Let $R$ be the ring generated by $\{\sin, \cos, \sec\}$, closed under scalar multiplication by $\mathbb{R}$, and accompanied by a derivative operator $D$.
The following hold:
- $D(\sin) = \cos$
- $D(\cos) = -\sin$
- $D(\sec) = \sin \sec^2$
- $\sin^2 + \cos^2 = 1$
- $\cos \sec = 1$
Consider the equation $Dx = x$; it's a differential equation.
Let $S$ be the ring consisting of analytic real functions defined almost everywhere. I add in the defined almost everywhere constraint to cover the fact that $\sec$ is technically not a total function of the reals.
Within $S$, the solution to $Dx=x$ is $\{ r\exp : r \in \mathbb{R} \}$.
$0$ is in $R$ and is a solution to $Dx=x$.
I claim that it is the only solution in $R$.
We can prove this by noting that any unbounded function in $R$ approaches positive or negative infinity as its argument approaches $\frac{\pi}{2}$.
Whenever $r \neq 0$, $r \exp$ is unbounded. However, it doesn't approach positive or negative infinity as its argument approaches $\frac{\pi}{2}$, therefore it is outside of $R$.
Alternatively, we could prove this by noting that every function in $R$ is periodic, and the only periodic multiple of $\exp$ is $0$, since $\exp$ is not periodic as a real function.
However, solving this problem in this way required pulling in a lot of information about how real functions behave, rather than treating the functions abstractly.
Is there a way to prove this algebraically, by appealing to the ring structure of $R$, the linearity of $D$, and the facts that we know about $D$?
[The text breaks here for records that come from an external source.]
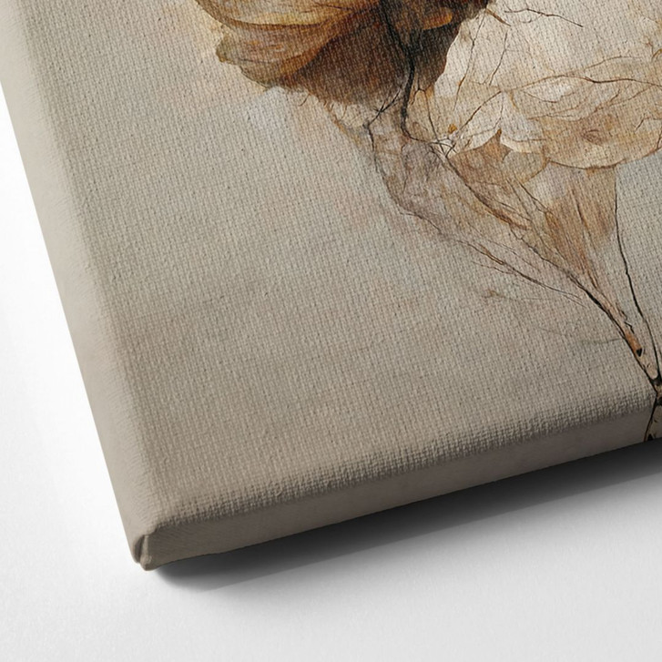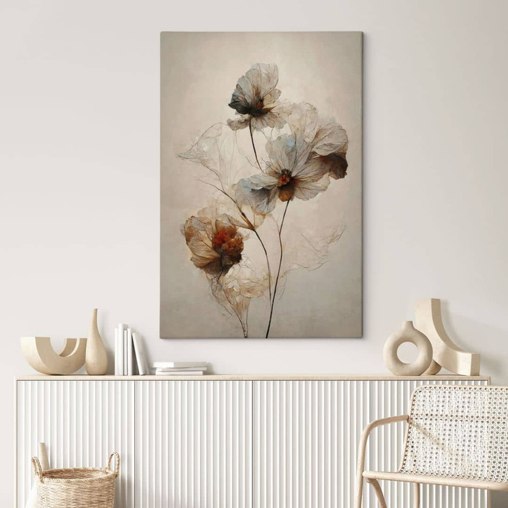 Die hochwertige Leinwandstruktur verleiht dem Kunstwerk einen warmen, natürlichen Look und verstärkt die Tiefe des Motivs. Der exzellente Druck bringt die feinen Linien und sanften Farbverläufe besonders gut zur Geltung. Die Blumen scheinen sich sanft im Raum auszubreiten und schaffen ein elegantes, zeitloses Ambiente.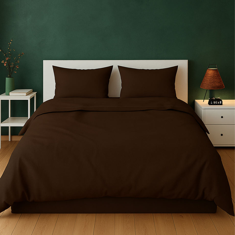 Drap de lit en coton pur 300 TC, brun rustique, excellente qualité, durable et facile d'entretien, disponible à un prix raisonnable.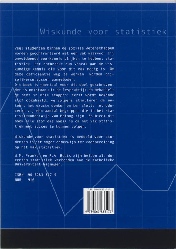 Veel studenten in het hoger onderwijs die een gamma studie volgen worden geconfronteerd met een vak waarvoor zij onvoldoende voorkennis blijken te hebben: statistiek. Het ontbreekt hun vooral aan de wiskundige kennis die voor dit vak nodig is. Om deze deficiëntie weg te werken, worden bijspijkercursussen aangeboden. Wiskunde voor statistiek is speciaal voor dit doel geschreven.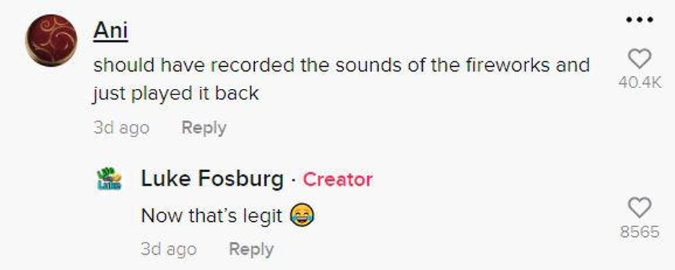 In a viral video, @lukefosburg documents a feud between neighbors setting off fireworks at night and a neighbor setting their alarm at 5:55am over the loud speaker.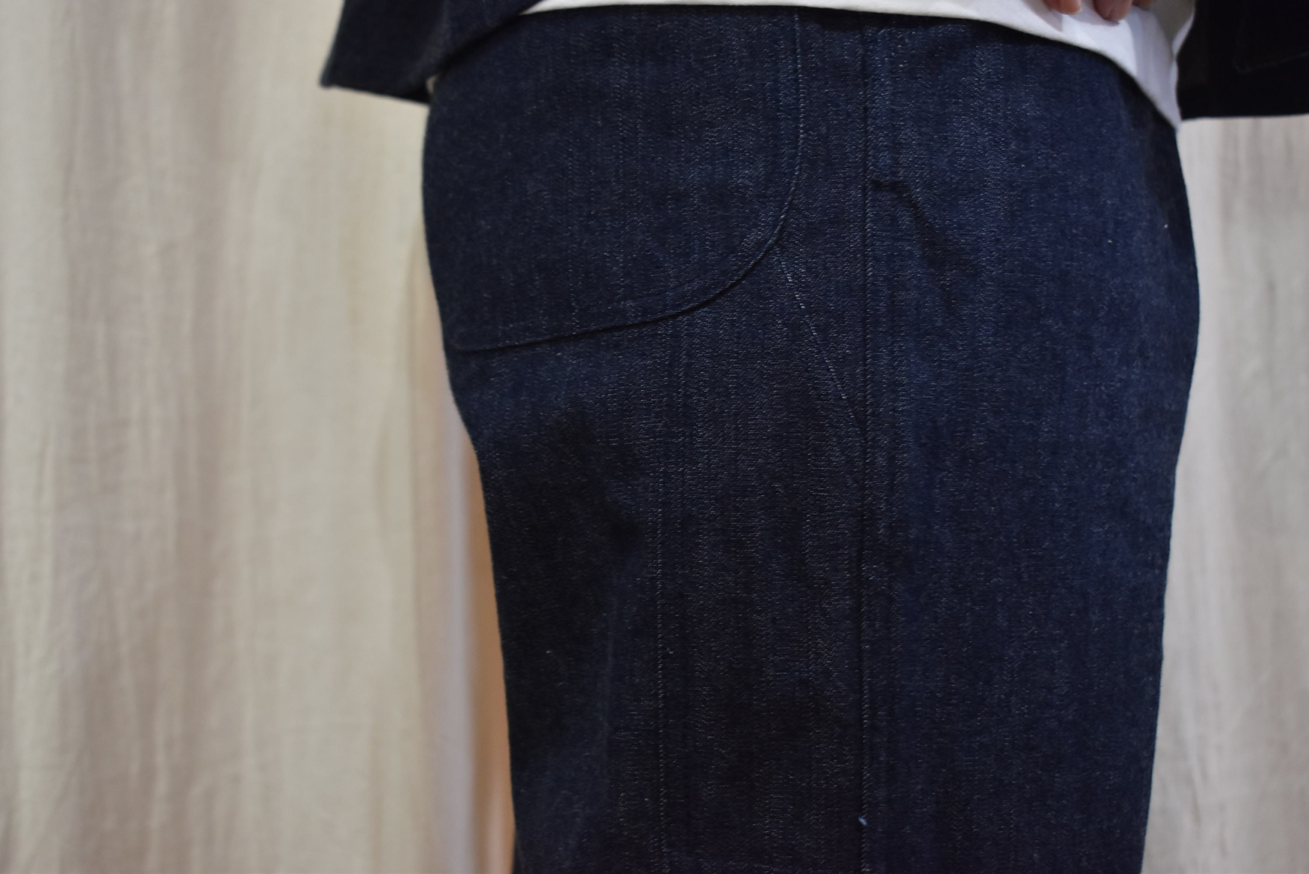 ペインターパンツらしい部分としては、ペン挿し用のポケットが付くのとバックポケットが丸みを帯びた曲線のデザイン。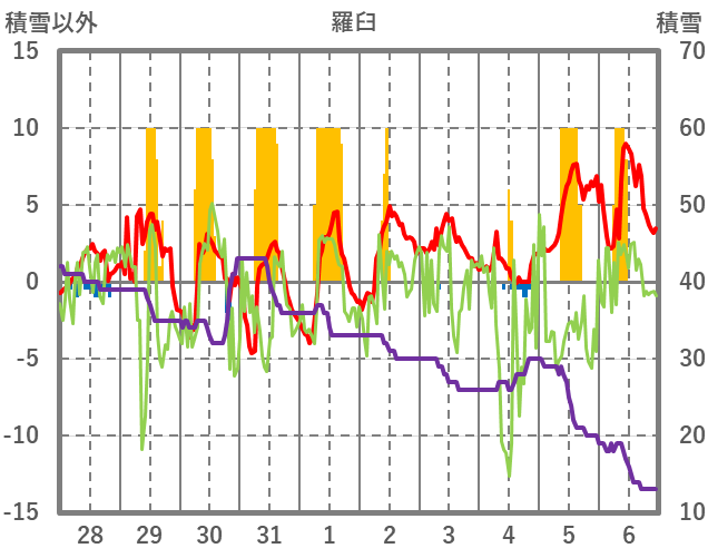 | 日 | 時 | 気温 | 降水 | 風向/風速 | 日照 | 積雪 | 降雪 |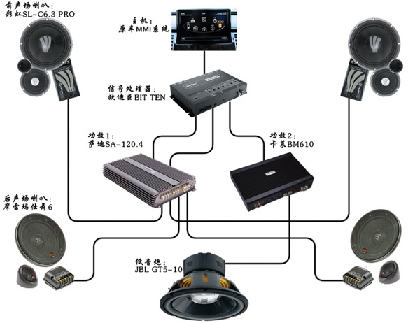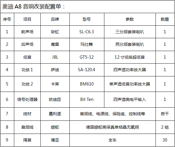 车主喜欢听抒情人声、轻音乐,兼顾流行音乐,所以选择了声音清晰通透的德国彩虹喇叭,搭配国产高性价比功放——萨迪,低音采用美国JBL,全套配置如下: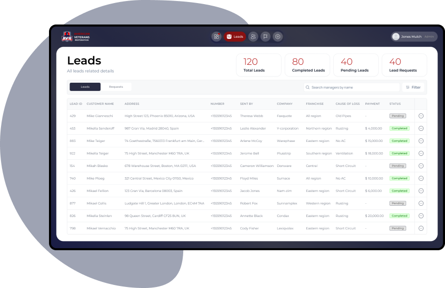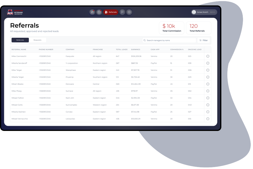 Manage your lead requests, completion and payments through AVR referral system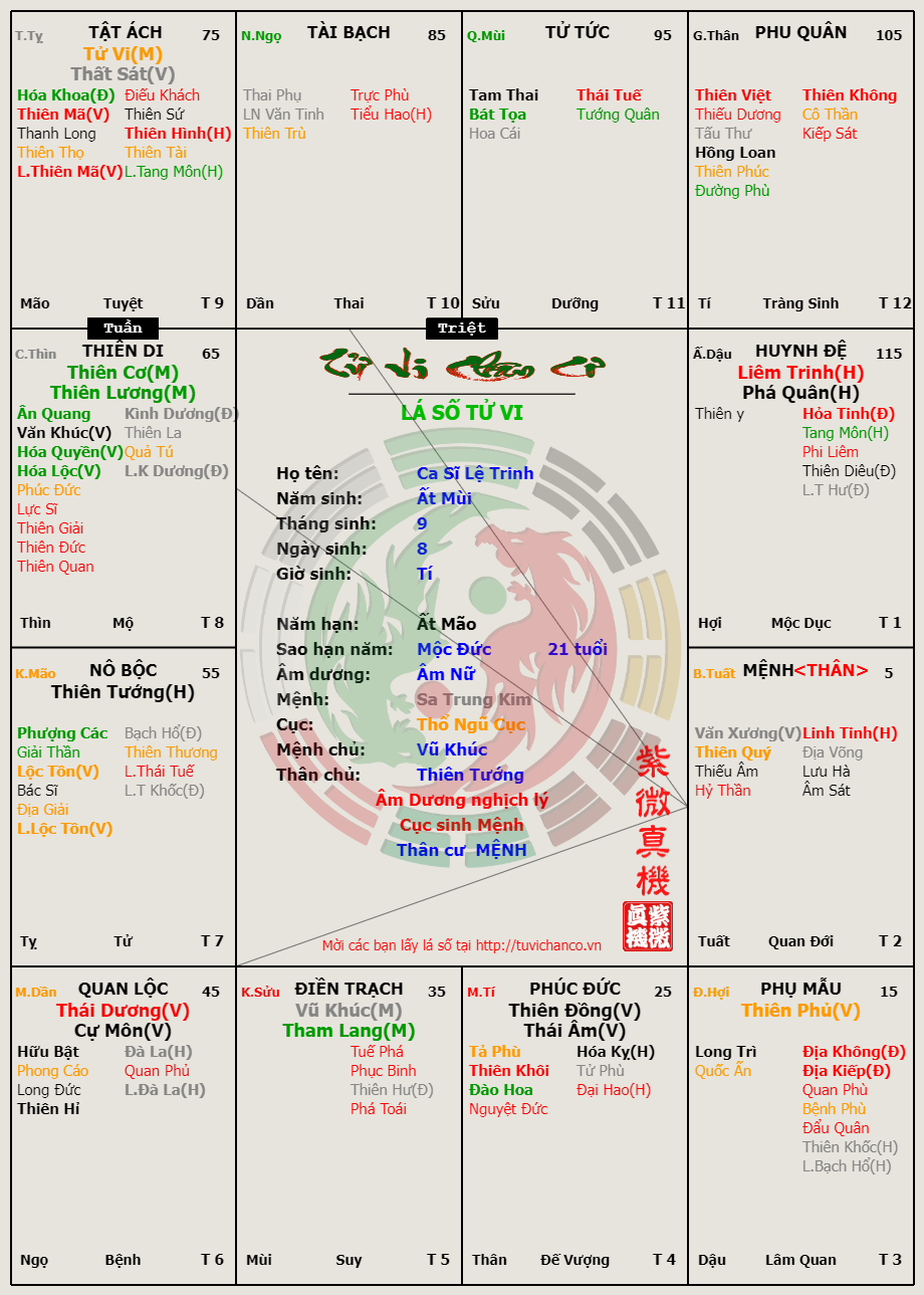 Lá số Tử Vi - Ca Sĩ Lệ Trinh

The usual way of solving $f'=f$ with integrating factors from analysis still works algebraically. Put slightly differently, whenever $Dx=x$, $$D(\frac{x}{\exp})=\frac{D(x)\cdot\exp - xD(\exp)}{\exp^2}=0$$ So $\frac{x}{\exp}$ is a constant. Here we only used three facts:
While it's not needed in this problem, often it's easier and more elegant to consider the differential field $\mathbb C(z, e^z, e^{iz})$, which can be regarded as a subfield of the meromorphic functions over $\mathbb C$ (and in your case, we may consider only $\Bbb C(e^{iz}, e^z)$ without $z$.). Note that $\sin, \cos, \sec$ can all be defined with $e^{iz}$ alone. Most ways to solve ODEs can be symbolically carried out in $\mathbb C(z,e^z, e^{iz})$.
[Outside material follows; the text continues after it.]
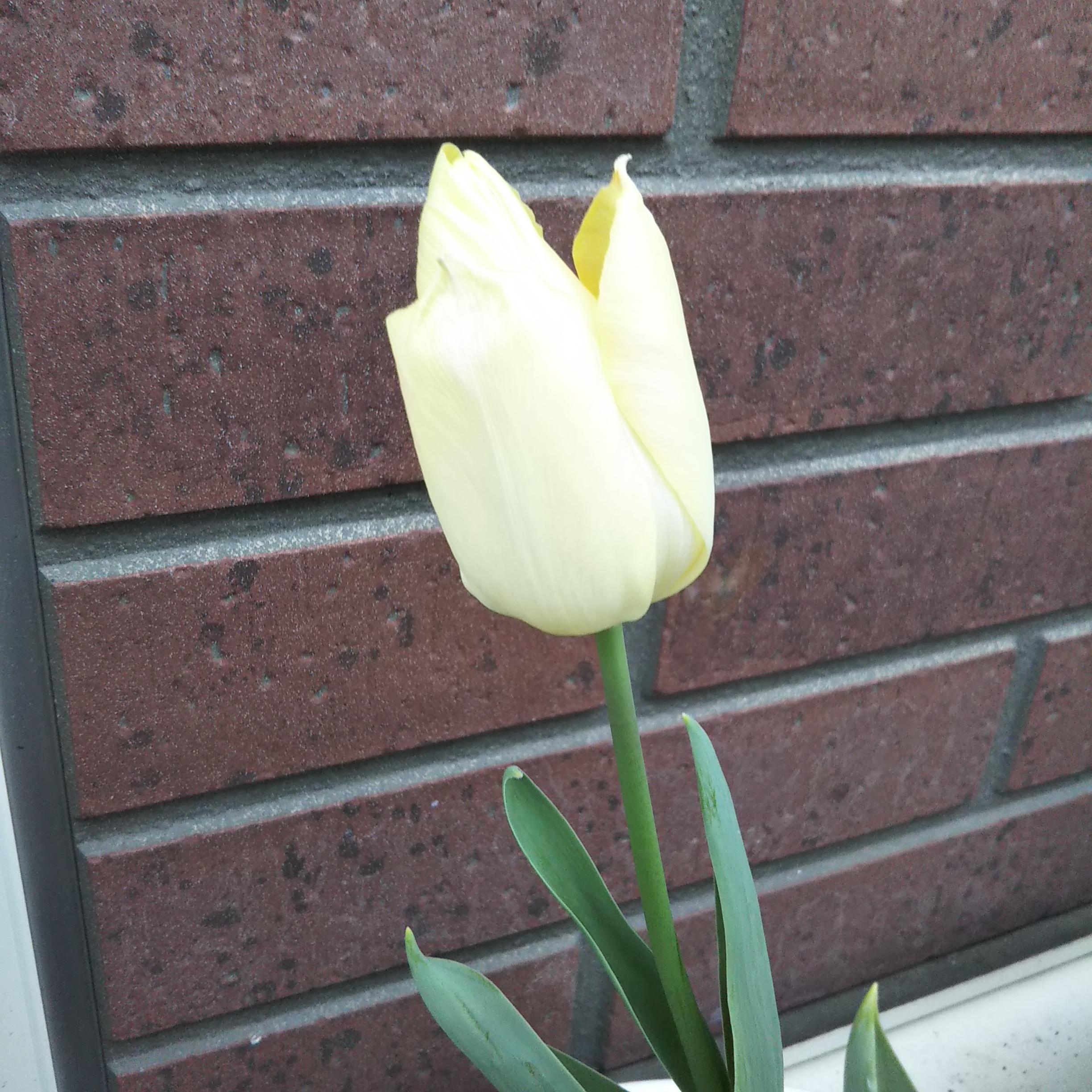 冬に植えたチューリップが黄色の花を咲かせました。
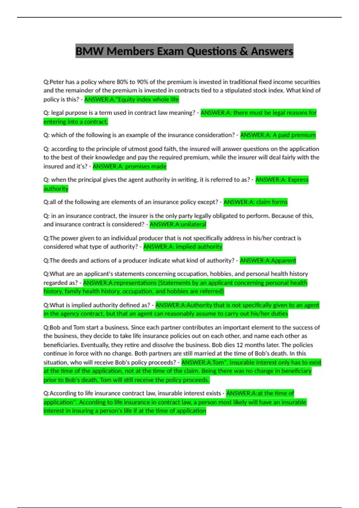 , Q:Which of the following BEST describes a conditional insurance contract? - ANSWER:A:A contract that

Edit. Upon reading the formulation of the question again, it seems the OP is assuming $X:=\{r\exp \mid r\in\mathbb R\}$ are all the solutions in $S$, and the problem is whether $X\cap R=\{0\}$, which is not addressed above. Well, here is a straightforward approach to show there is no nonzero solution in $\mathbb C(x)$ where $x=e^{iz}$ and since $R\subset \mathbb C(x)$, we're done.
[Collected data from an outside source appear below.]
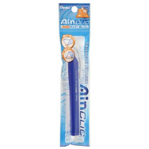 消しゴムが三角形のホルダー式消しゴム。角で細かい部分、辺で広い面と自由に消去できます。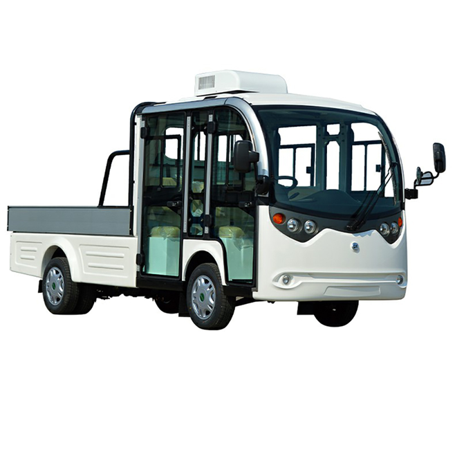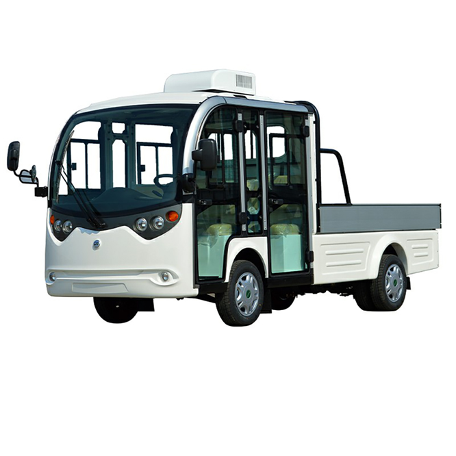 Vehicul utilitar 100% electric cu functiuni diverse. Are o bena generoasa si poate transporta 4 persoane.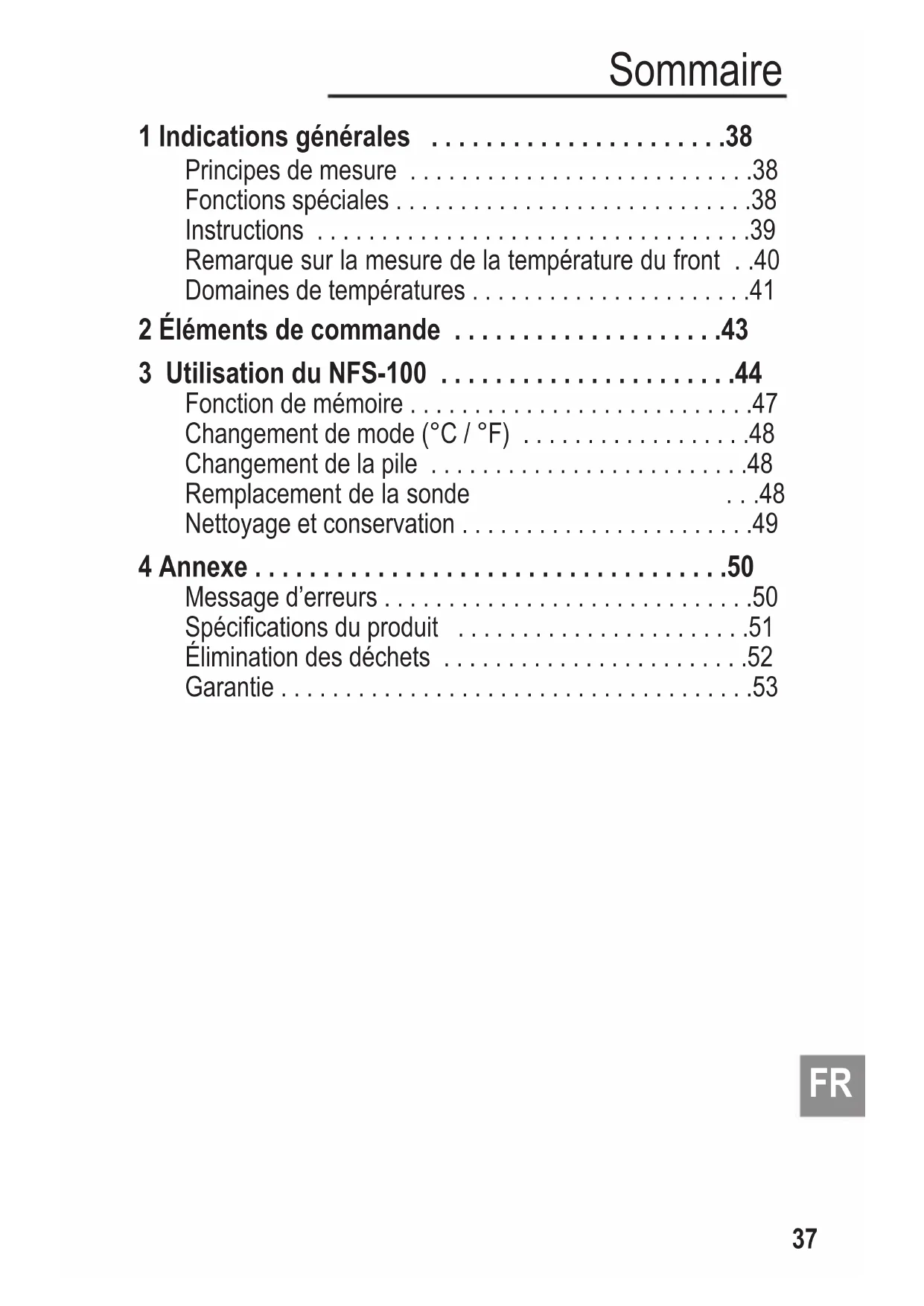 4 Annexe Message d’erreurs Q : La température ambiante est inférieure à 10 °C ou supérieure à 40 °C. R : Conservez le produit pendant 30 minu- tes à un endroit, où la température se situe entre 10 °C et 40 °C. Q : La température de l’objet mesuré est supérieure à 42,2 °C. R : Vérifiez l’objet mesuré avant la mesure (les objets très chauds ne peuvent pas être mesurés). Q : La température de l’objet mesuré est inférieure à 20 °C. R : Vérifiez l’objet mesuré avant la mesure (les objets très froids ne peuvent pas être mesurés). Q : Erreur du système R1 : Éteindre le produit pendant une minute, puis rallumer celui-ci. R2 : Retirer et réinsérer la pile et rallumer le produit. R3 : Adressez-vous à votre concessionnaire agréé le plus proche. Q : Affichage indiquant qu’il faut changer la pile. R : Remplacer la pile.Annexe

Indeed, given $\frac{p(x)}{q(x)}\in \mathbb C(x)\setminus\{0\}$, we have (based on $Dx=ix$ and chain rule) $$ \frac{p(x)}{q(x)}=D[\frac{p(x)}{q(x)}] = \frac{p'q-pq'}{q^2}Dx = \frac{p'q-pq'}{q^2} ix$$ $$pq = (p'q-pq')ix$$
If the leading term of $p$ and $q$ are $a_mx^m\not=0$ and $b_nx^n\not=0$ respectively , comparing the leading terms of the two sides above, we get $$a_ma_nx^{m+n}=(m-n)a_ma_nix^{m+n}$$ $$(m-n)i=1$$ which is impossible since $m-n\in\mathbb Z$.
In this approach, we have used the quotient rule and the chain rule $Dr(x)=r'(x)Dx$, which makes sense in a field when $r$ is a ratio of two polynomials and could be established from the Leibniz rule.
Further we can actually show that $x=e^{iz}$ and $y=e^z$ are algebraically independent over $\mathbb C$. Indeed if $$\sum_{m,n}a_{mn}x^ny^m=0$$ is a minimal algebraic relation between $x,y$, then by taking derivative on both sides, we get $$\sum_{m,n}a_{mn}(in+m)x^ny^m=0$$
Now we can cancell the leading term in $\sum_{m,n}a_{mn}x^ny^m$, contradicting the minimality, unless all $(m+ni)$ are equal, so there is a single term, but this is impossible as $x^my^n\not=0$.